=== TASK BRIEF ===
Please reproduce the entries below exactly from the line with "This recipe requires" through their last line, leaving out any pictures.
━━━━
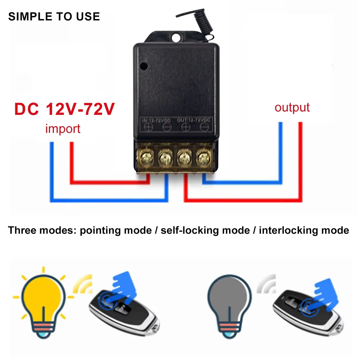 - High-power 30A relay capable of handling DC voltage from 12V to 72V, suitable for multiple electrical devices requiring robust switching capabilities.
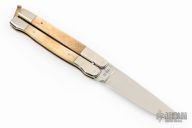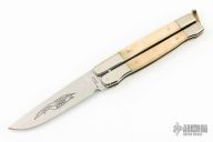 This Balisong by Parker Cutlery Company features a satin finished blade. The handles are comprised of nickel silver double bolsters with bone scales over brass liners. Brass T latch on pommel. Comes with a zipper case. Has a couple scratches, otherwise great condition.
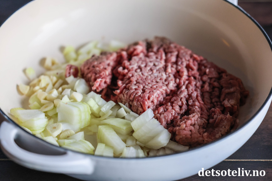 Varm opp et par spiseskjeer olivenolje i en stekepanne og ha kjøttdeigen i pannen. Hakk løk og hvitløk og ha også dette i pannen. Stek kjøttdeig og løk til kjøttdeigen er gjennomstekt og løken blank og gyllen.
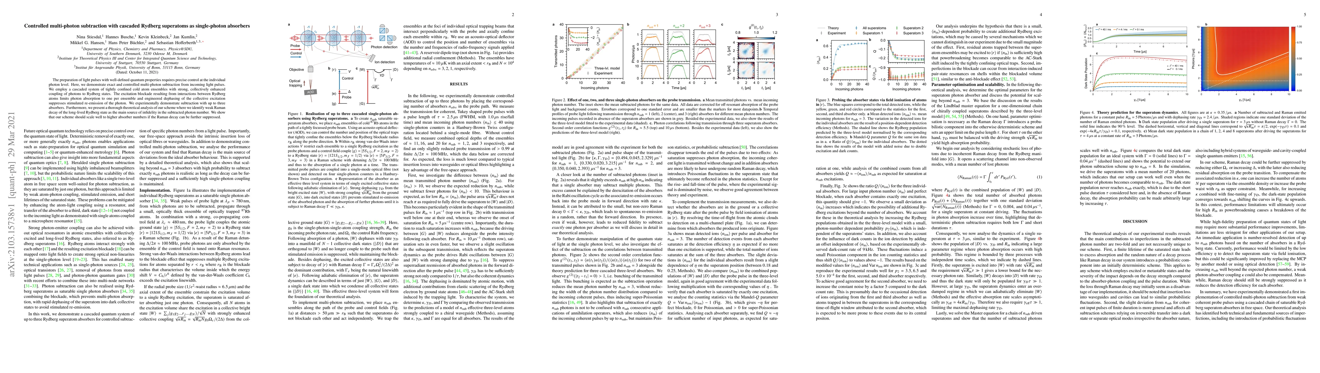 This paper demonstrates controlled multi-photon subtraction using a cascaded system of Rydberg superatoms, ensuring single-photon absorption per ensemble. The study identifies Raman decay as the main source of error and suggests scalability to higher absorber numbers with improved decay suppression.
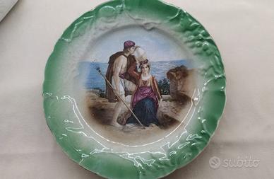 Set comprensivo di due piatti decorativi da parete d'epoca deco. Marchio Elefantino della società Ceramica Lombarda . Diametro 21. Condizioni perfette.
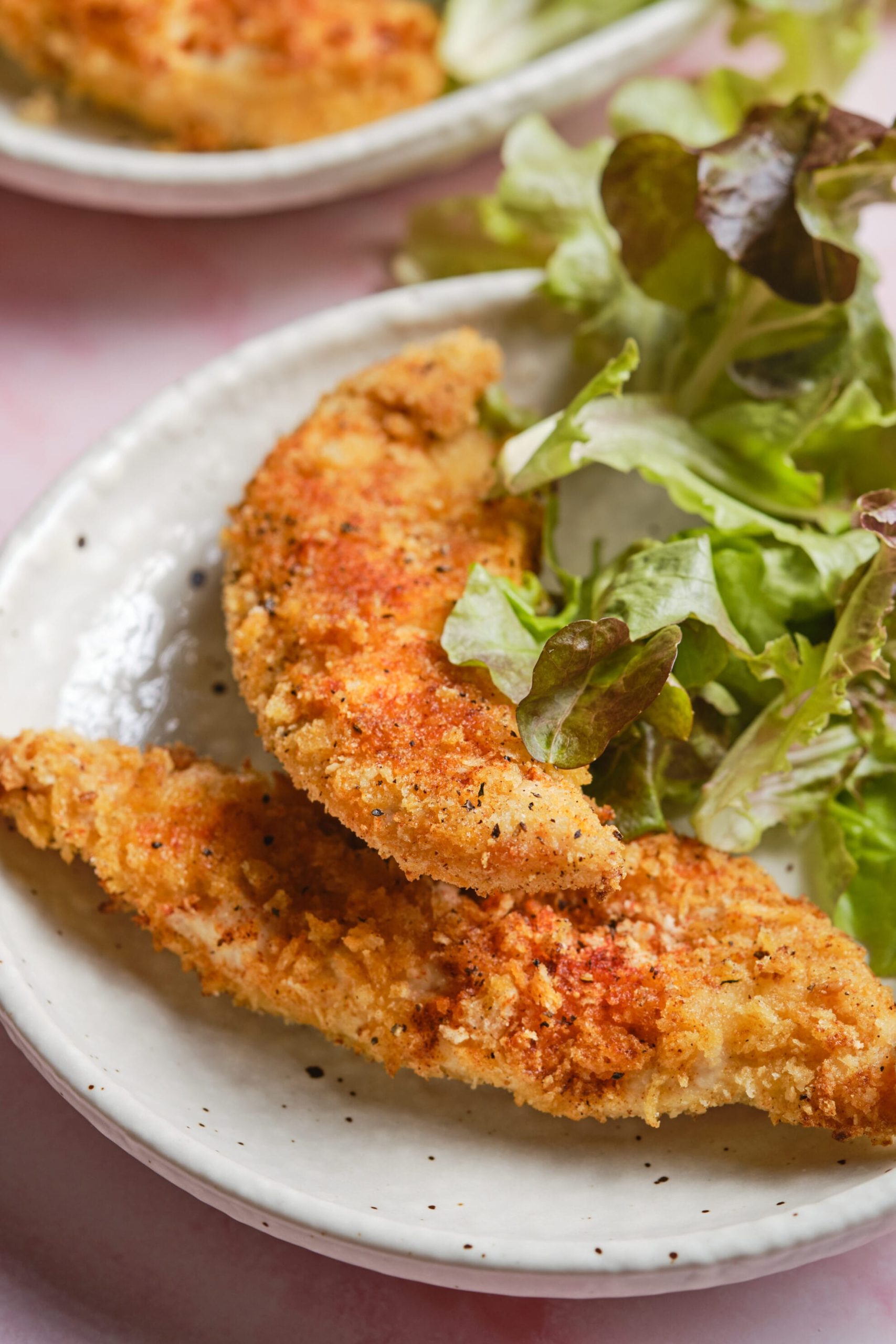 This recipe requires Panko breadcrumbs, that are decrease in energy than conventional breadcrumbs. In addition they soak up much less moisture than common breadcrumbs, holding the rooster extra tender and lighter.
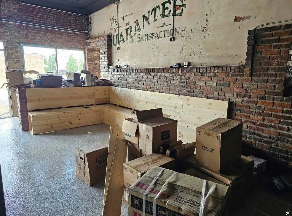 Josh, his dad, his brother, and his wife built the tables and benches. They painted the space and refinished the bar. Electrical and plumbing had to be hired out, but anything they could do themselves, they did.
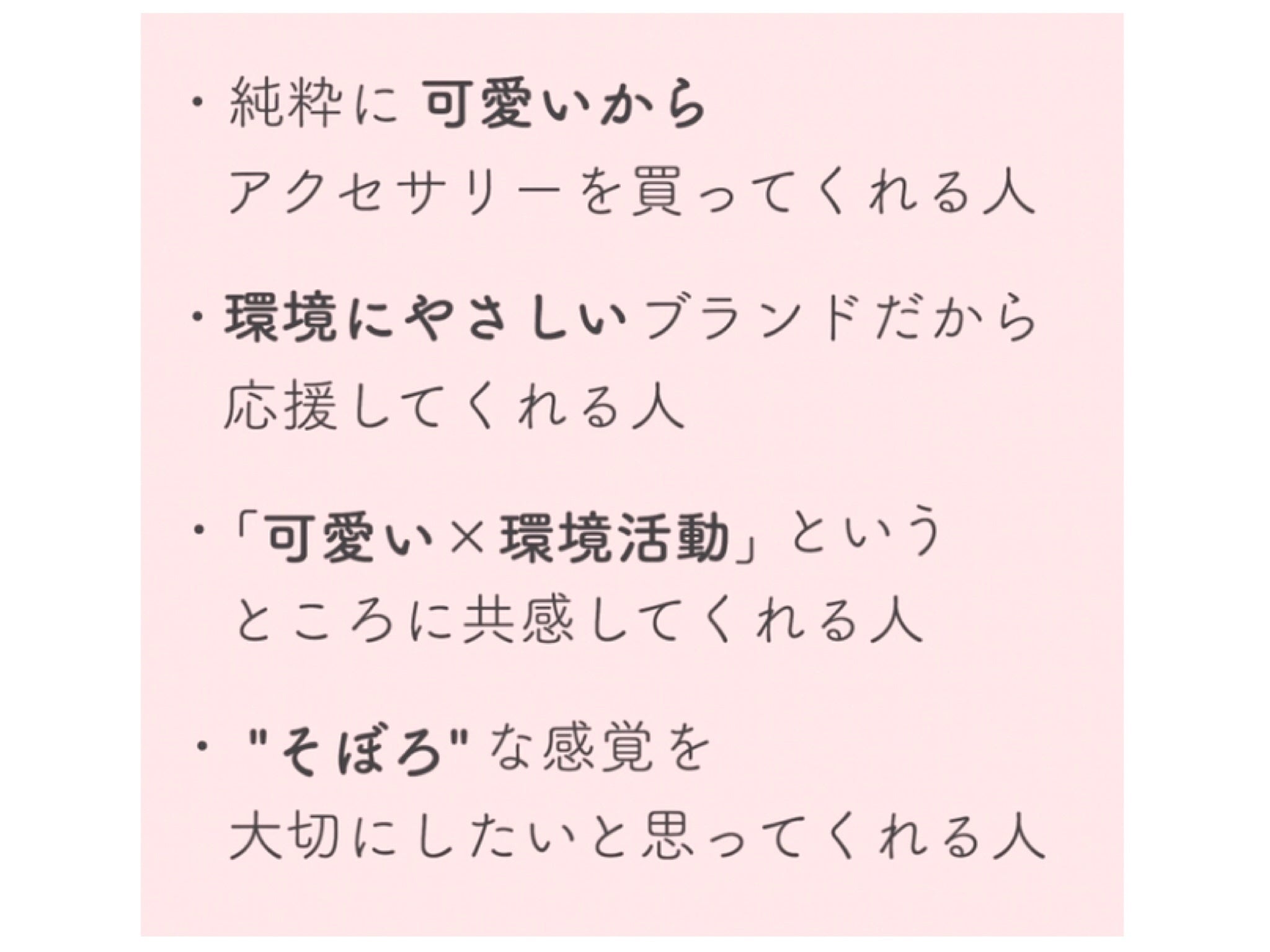 そこで、アクセサリーという、可愛くて楽しい、ポップなアイテムに乗せることで、本当に叶えたいところである " 環境に配慮して生きる人を増やす" ということが、叶えられるのではないかと私は考えました。
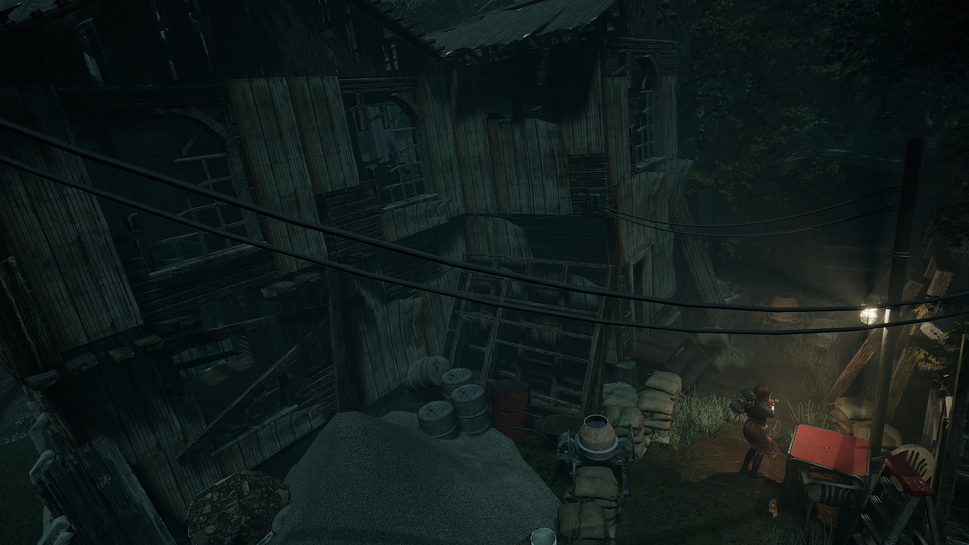 Идите вперед и возьмите бензин с красной бочки. Найдите повидон на торговом прилавке, затем перейдите по деревянному мосту. Поднимитесь по лестнице, возьмите со стола патроны для дробовика и войдите в разрушенный дом.
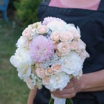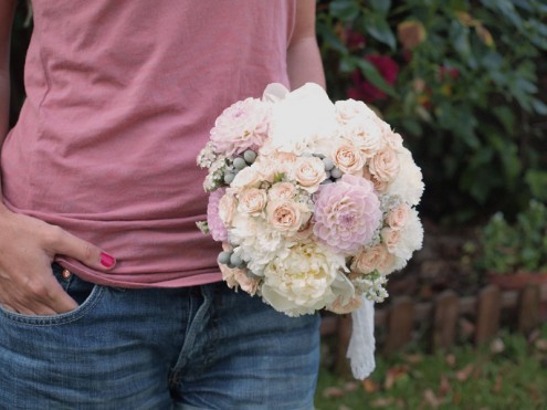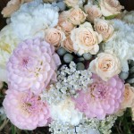 El ramo preferido de Irene era el titulado «De prima a prima» así que quería uno parecido, con los mismos tonos en rosa, nude, gris y blanco. Una combinación muy romántica con el toque delicado de las dalias y las rosas ramificadas.
━━━━
=== OUTPUT OF THE TASK ===
 This recipe requires Panko breadcrumbs, that are decrease in energy than conventional breadcrumbs. In addition they soak up much less moisture than common breadcrumbs, holding the rooster extra tender and lighter.
 Josh, his dad, his brother, and his wife built the tables and benches. They painted the space and refinished the bar. Electrical and plumbing had to be hired out, but anything they could do themselves, they did.
 そこで、アクセサリーという、可愛くて楽しい、ポップなアイテムに乗せることで、本当に叶えたいところである " 環境に配慮して生きる人を増やす" ということが、叶えられるのではないかと私は考えました。
 Идите вперед и возьмите бензин с красной бочки. Найдите повидон на торговом прилавке, затем перейдите по деревянному мосту. Поднимитесь по лестнице, возьмите со стола патроны для дробовика и войдите в разрушенный дом.
 El ramo preferido de Irene era el titulado «De prima a prima» así que quería uno parecido, con los mismos tonos en rosa, nude, gris y blanco. Una combinación muy romántica con el toque delicado de las dalias y las rosas ramificadas.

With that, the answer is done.